* **What you need to do**:
Your output should be the lines from the one with "DetailsOne of a" through the last line of the records below, exactly as written, minus the pictures.

[Collected data]
────

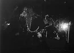 In 2001, Krieg played with Godless North and Inquisition on the North American Black Metal Invasion tour through Germany, where they were supported by the German band Secrets of the Moon.[5] At Krieg's show at Die Festung in Bitterfeld on December 8, 2001, Imperial dedicated his set to Kanwulf of Nargaroth,[6] who was beaten up by NSBM band Absurd's vocalist Ronald Wolf Möbus for threatening to kill the latter's son (who was about one year old at the time).[7][8] The show was recorded and released on the live EP Kill Yourself or Someone You Love.[6]
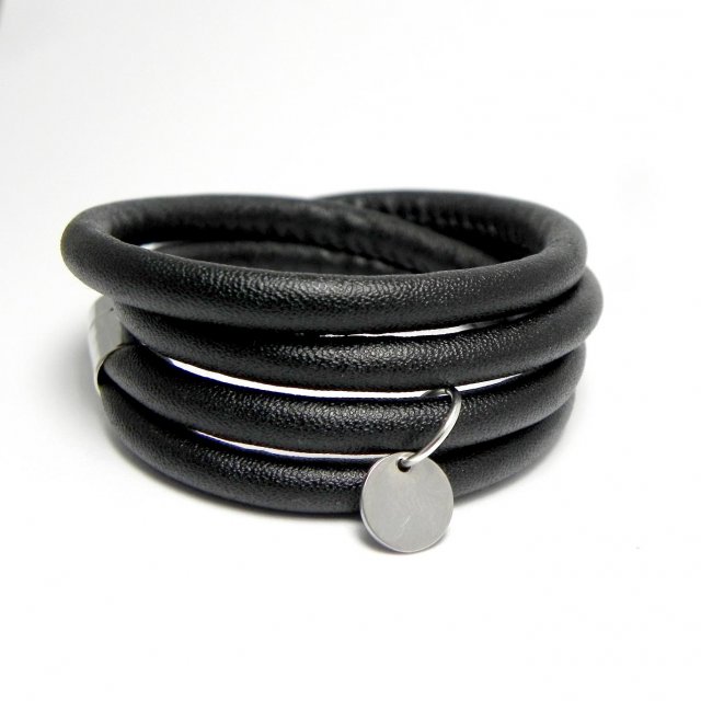 Bransoletka wykonana z grubych, szytych rzemieni ze skóry ekologicznej oraz elementów w kolorze srebrnym. Bransoletka będzie odpowiednia na nadgarstek 16-17 cm, podwójnie owijana.
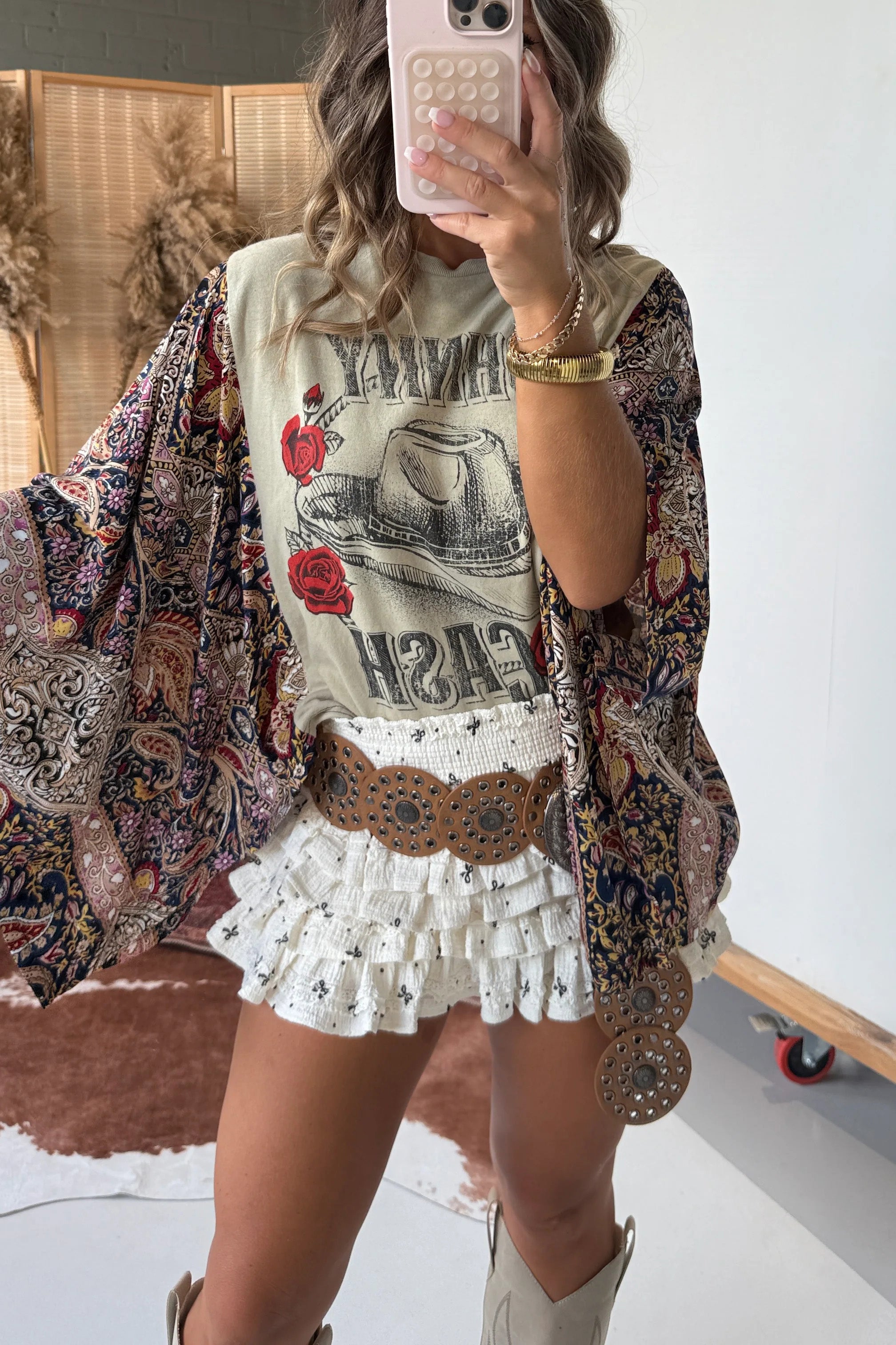 DetailsOne of a kind!Washed Vintage Graphic Tee with Batwing SleeveColor: PictureMaterial: 50% Cotton50% Recycled Mixed FabricSPU:TPCJ25081908Size:One Size Fits MostModel is Wearing a Size OSModelHeight: 5'2"Bust: 34"Waist: 27"Hips: 36"
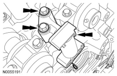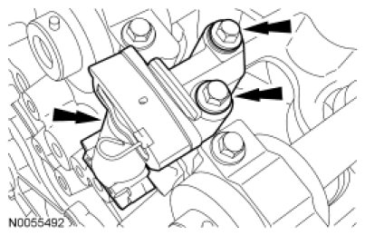 57. Install the new VCT bolt and the exhaust camshaft bolt and the original washers. Tighten in 4 stages.
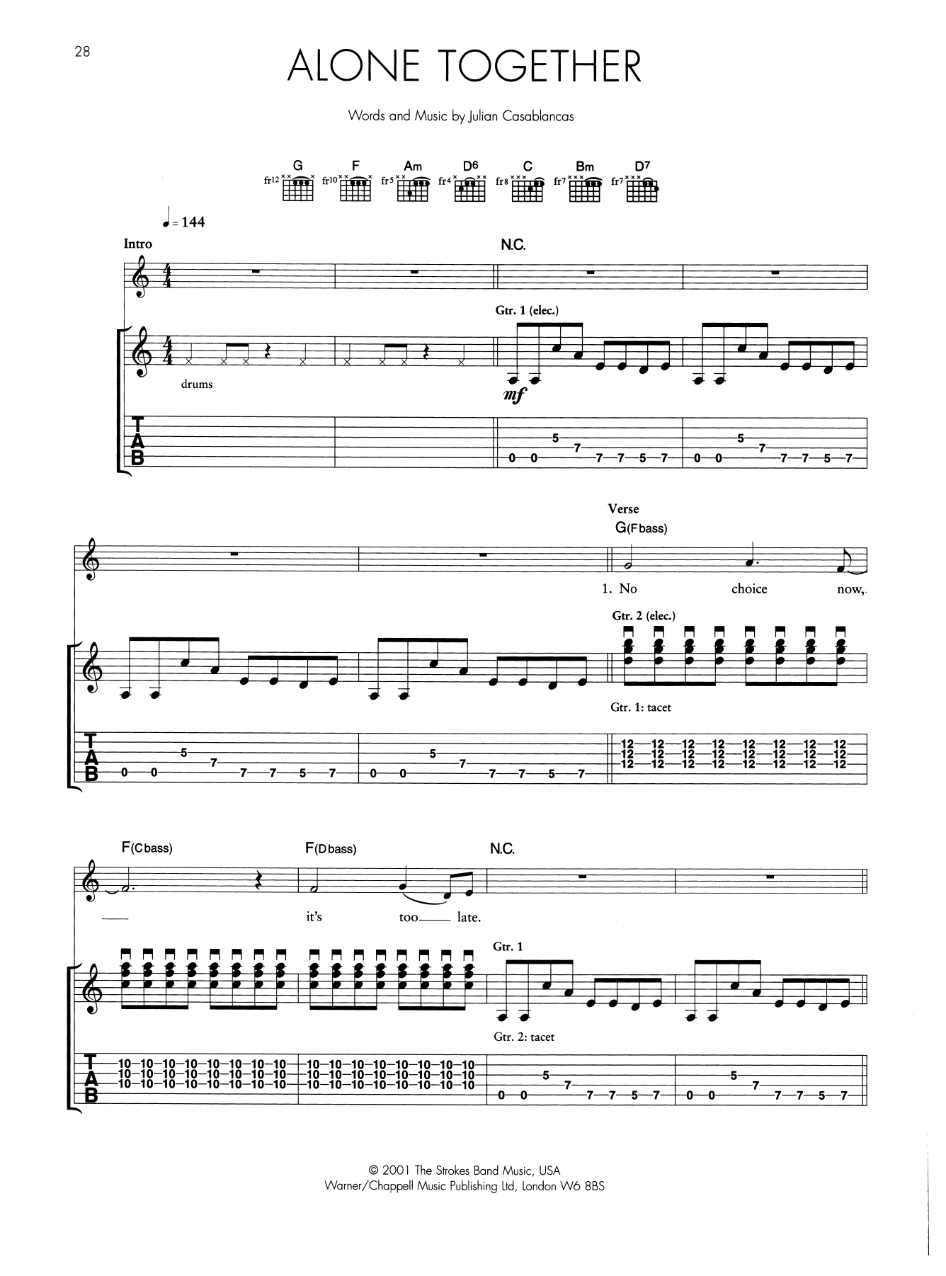 The Strokes Alone Together sheet music, chords, lyrics - Printable PDF for Guitar Tab
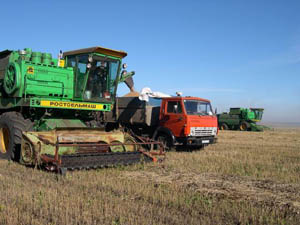 Хуснеев: Из 5183 га пашни под зерновые культуры отведено 2700 га. Озимые, 1000 га, сеяли непротравленными семенами те хозяйства, что были до нас, поэтому большого урожая ждать не приходилось. С яровыми на 1750 га тоже рисковали, потому что поля с осени не были вспаханы. Урожай мы получили только благодаря элитным семенам, достаточному количеству удобрений и препаратам. На некоторых участках пшеница дала по 52 ц/га, а в среднем по хозяйству – 25 ц. В первый год на такой запущенной земле – это немыслимый результат!
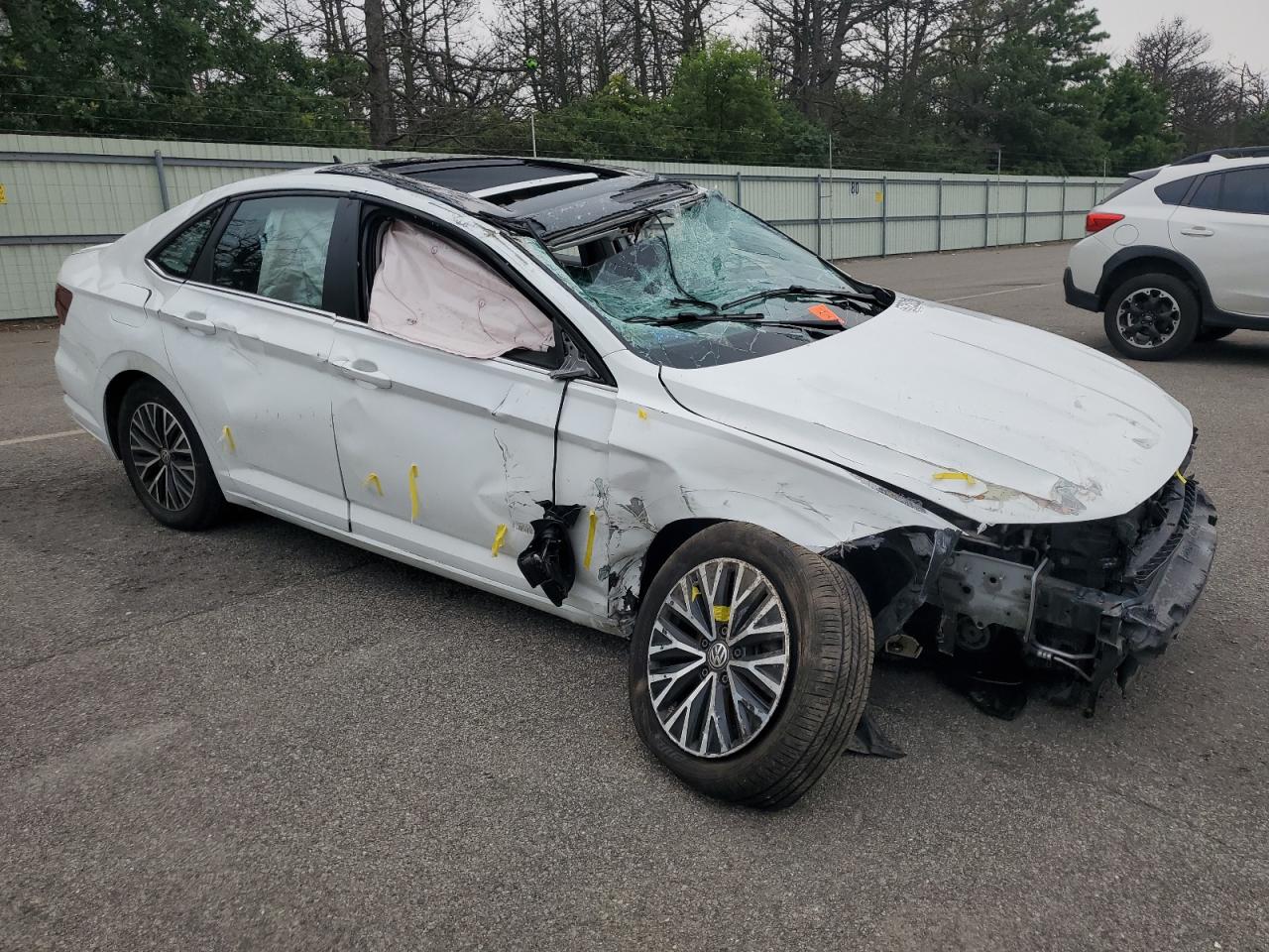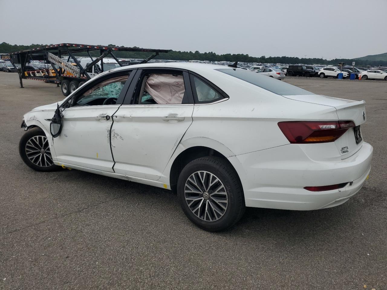 PoorThe 2019 VOLKSWAGEN JETTA SEL has sustained significant damage. The white sedan shows signs of a severe impact, with extensive body damage evident in the images. The front end is heavily damaged, including the bumper, hood, and headlights. The side panels also show significant deformation. The airbags have deployed, and the interior appears to have sustained damage as well. The wheels may be damaged or misaligned due to the impact. The glass is shattered. The vehicle is in a state of disrepair and will require extensive repairs. Damage Summary: The car has suffered damage all over, including the body, with airbags deployed. The damage is consistent with a major collision, indicating the need for significant repairs.
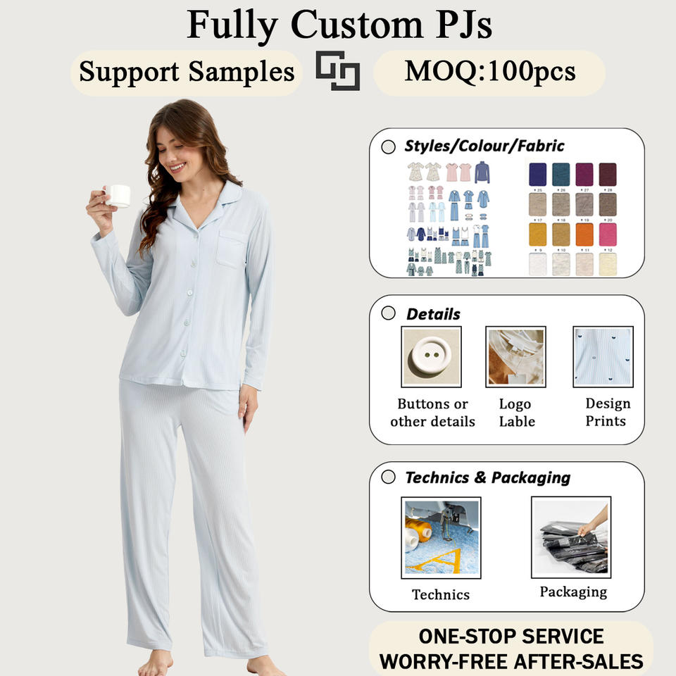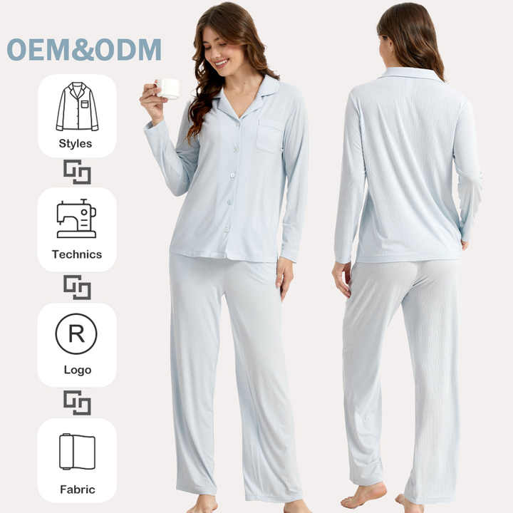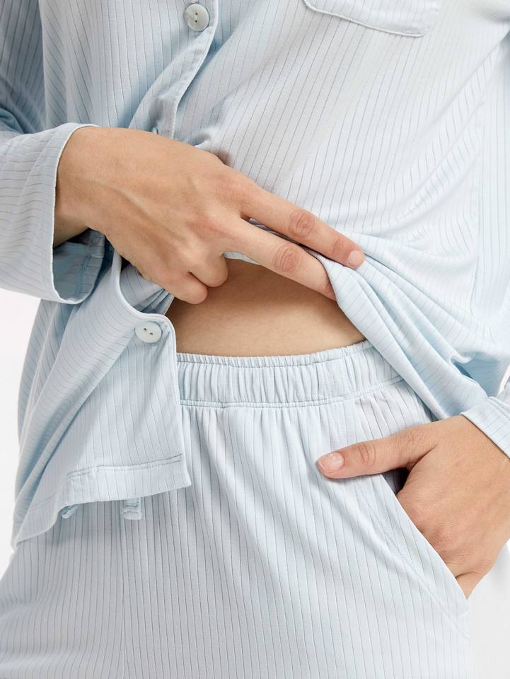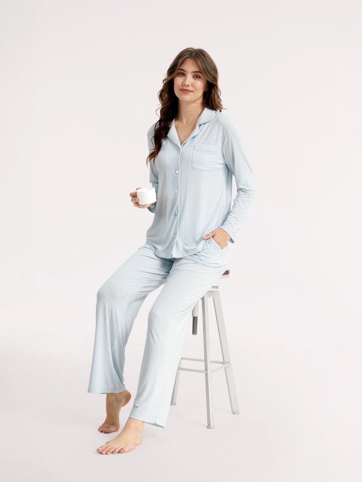 Conjunto de Pijama de Bambú con Rayas Azul Bebé, Camiseta de Manga Larga y Pantalones, Ropa de Dormir Transpirable para Mujer

────

* **Exercise output**:
 DetailsOne of a kind!Washed Vintage Graphic Tee with Batwing SleeveColor: PictureMaterial: 50% Cotton50% Recycled Mixed FabricSPU:TPCJ25081908Size:One Size Fits MostModel is Wearing a Size OSModelHeight: 5'2"Bust: 34"Waist: 27"Hips: 36"
 57. Install the new VCT bolt and the exhaust camshaft bolt and the original washers. Tighten in 4 stages.
 The Strokes Alone Together sheet music, chords, lyrics - Printable PDF for Guitar Tab
 Хуснеев: Из 5183 га пашни под зерновые культуры отведено 2700 га. Озимые, 1000 га, сеяли непротравленными семенами те хозяйства, что были до нас, поэтому большого урожая ждать не приходилось. С яровыми на 1750 га тоже рисковали, потому что поля с осени не были вспаханы. Урожай мы получили только благодаря элитным семенам, достаточному количеству удобрений и препаратам. На некоторых участках пшеница дала по 52 ц/га, а в среднем по хозяйству – 25 ц. В первый год на такой запущенной земле – это немыслимый результат!
 PoorThe 2019 VOLKSWAGEN JETTA SEL has sustained significant damage. The white sedan shows signs of a severe impact, with extensive body damage evident in the images. The front end is heavily damaged, including the bumper, hood, and headlights. The side panels also show significant deformation. The airbags have deployed, and the interior appears to have sustained damage as well. The wheels may be damaged or misaligned due to the impact. The glass is shattered. The vehicle is in a state of disrepair and will require extensive repairs. Damage Summary: The car has suffered damage all over, including the body, with airbags deployed. The damage is consistent with a major collision, indicating the need for significant repairs.
 Conjunto de Pijama de Bambú con Rayas Azul Bebé, Camiseta de Manga Larga y Pantalones, Ropa de Dormir Transpirable para Mujer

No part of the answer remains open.